For the first step, BLAST analysis, GenomeHistory uses the Washington University implementation of gapped BLASTP (available from http://blast.wustl.edu/) for an initial comparison of protein sequences provided in a FASTA file. BLASTP compares sequences very quickly, allowing us to rapidly eliminate highly dissimilar gene pairs. This reduces the number of further comparisons to a manageable value. Through the BLASTP E-value (20,33) we allow the user to tune the similarity threshold below which gene pairs are eliminated. We suggest a relatively liberal threshold choice, such as E > 1 × 10–7, deferring the stringent removal of sequence pairs to step two.

In this second step, any two protein sequences deemed promising by the BLAST analysis are aligned using CLUSTAL-W (ftp://ftp-igbmc.u-strasbg.fr/pub/ClustalW/) and the default BLOSUM 62 matrix. Since only pairs of sequences are compared, each alignment will be computationally exact. Using these alignments, sequence pairs go through an additional step of screening before Ks and Ka are estimated. They must have (i) sequence identity in a minimal, user-specified number of residues, (ii) a minimal user-specified length for each sequence and (iii) a minimal user-specified number of residues aligned at non-gap positions. This final criterion is required because it is possible to align even two long sequences such that each sequence has very few residues aligned with non-gap residues in the other sequence.

In the third step, GenomeHistory calculates a nucleotide alignment corresponding to the obtained protein alignment for the sequence pairs left after steps 1 and 2. The required DNA sequence information is obtained from a sequence file containing nucleotide sequences for all analyzed genes in FASTA format. This alignment is then used to calculate Ks and Ka via a computationally costly but unbiased maximum likelihood algorithm.
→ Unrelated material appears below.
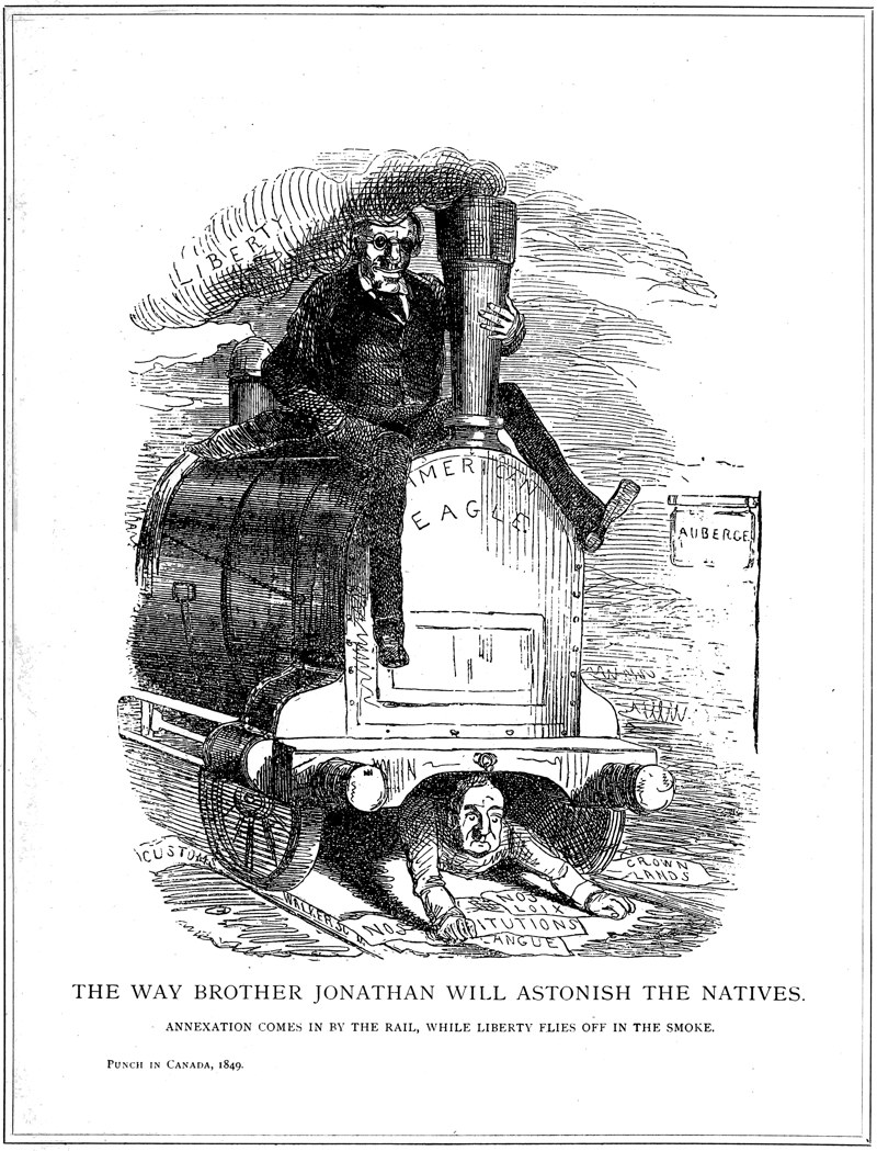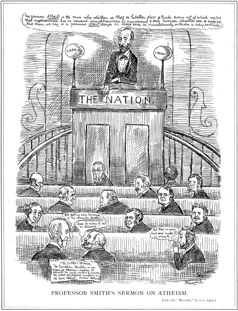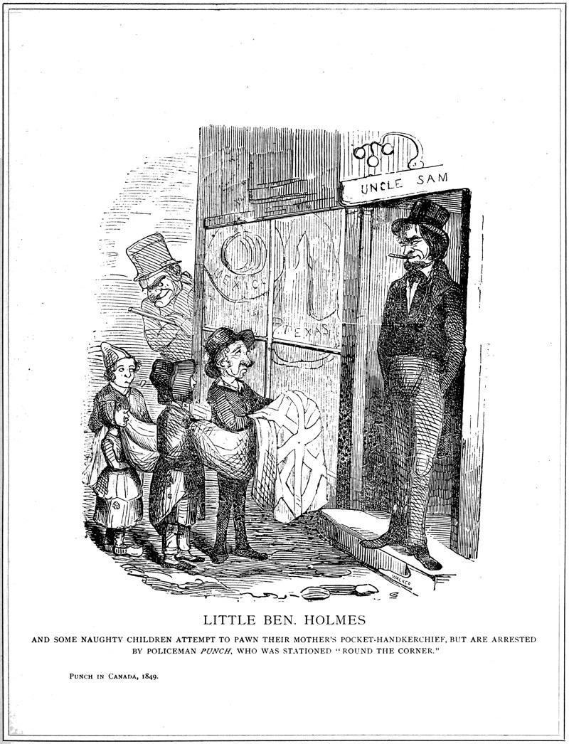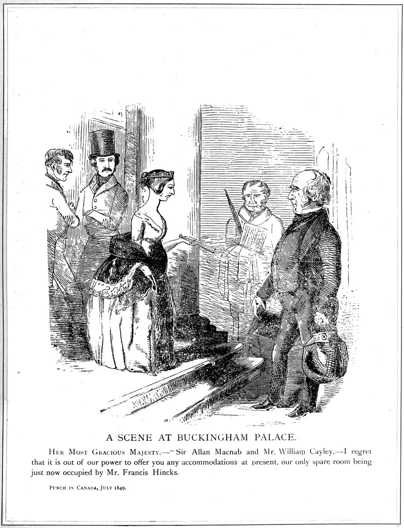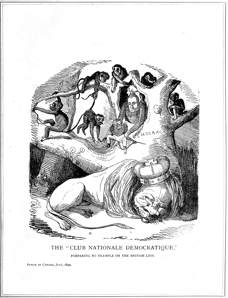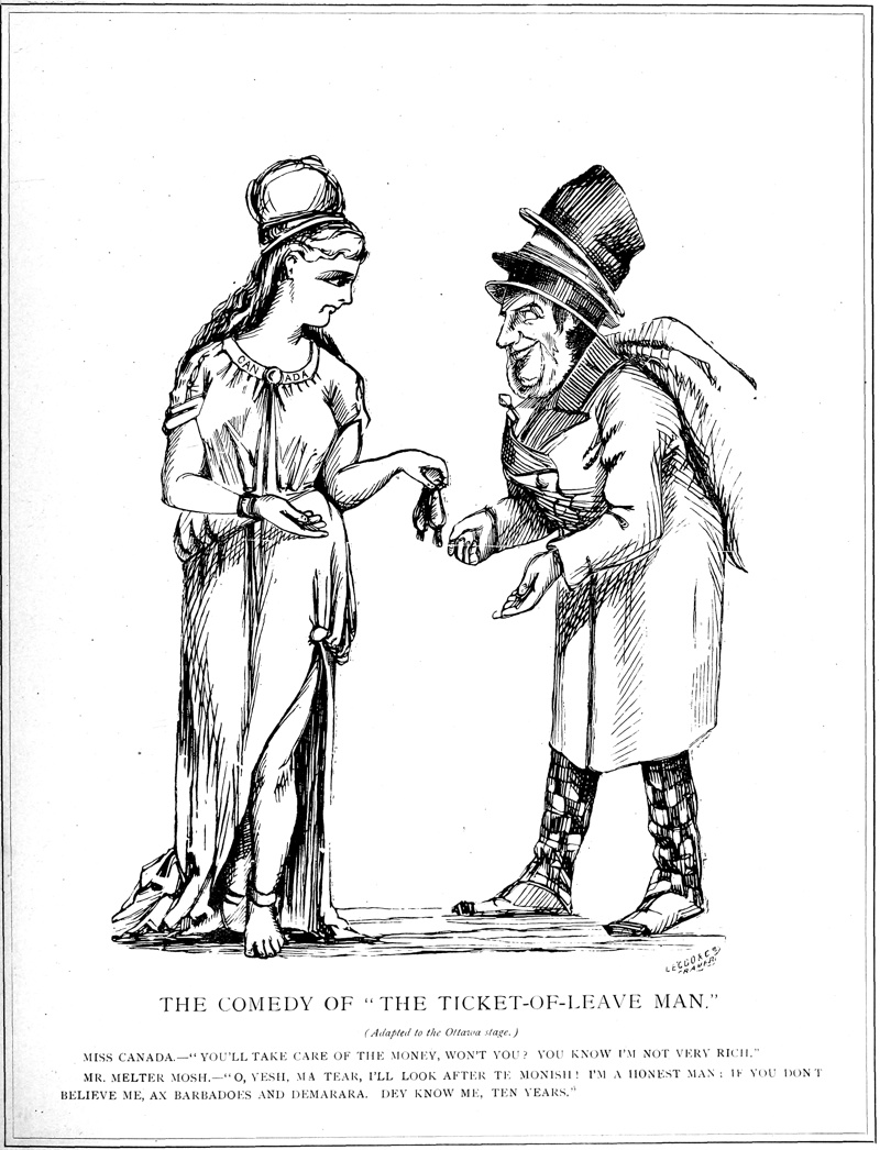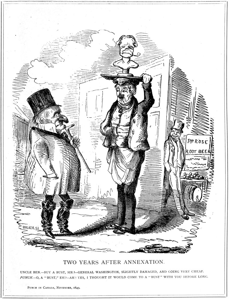 A “caricature history” does not mean that history is caricatured. On the contrary, a good caricature enables us to see, in a true light, facts that might otherwise be hidden or misrepresented. We understand current events and the social life of England from the illustrations of Punch more truly than from the columns of the Times or the Morning Post. Canada is only beginning life, and our politics touch subjects of general interest so seldom, that it is sometimes thought and said that there is no field for a Canadian Punch; but the fact, perhaps not generally known, that for the last forty years, at any rate, we have rarely been without artists whose pictures on the questions of the day have appealed successfully to popular humor, proves that our political life has been robust from the beginning. Some of these artists had to content themselves with publishing fly-sheets that provoked the laughter of the town, but that had no chance of obtaining more than a local reputation. For others, organs well-known in their day, such as Punch in Canada, Diogenes, and Grinchuckle, were established at different times prior to 1873, when Grip vaulted into the seat which he has occupied since to the satisfaction of all Canada. Requests have been frequently made for a work containing a continuous series of his cartoons, and in now acceding to these it has been thought well to give illustrations of what was done among us in the same line previously. Fortunately the publishers were able to obtain selections from the sources to which I have referred, and also from the Canadian Illustrated News; and the First Volume of this work thus gives something like a continuous pictorial history of the events that have stirred popular feeling most deeply since 1848. They believe that those older representations will be heartily welcomed, and they desire to thank all who have assisted in making the work so extended.

Distribution of duplicates by function

The most basic questions about the distribution of gene duplicates with respect to gene functions are these: are genes with one duplicate over-represented or under-represented in any of the major functional annotation categories; does the same hold for genes with multiple duplicates? The simplest and crudest way to address these questions is via χ2 goodness-of-fit tests to evaluate the null hypothesis that the proportion of genes with single (multiple) duplicates in different functional categories is identical to the overall number of genes in these categories. Except for genes with single duplicates in Drosophila (P = 0.040) and in C.elegans (P = 0.133), this null hypothesis must be rejected at P < 0.01 for singly and multiply duplicated genes in all genomes studied. Genes in different functional categories are thus not equally likely to undergo duplication. We now analyze the observed patterns of deviation in detail.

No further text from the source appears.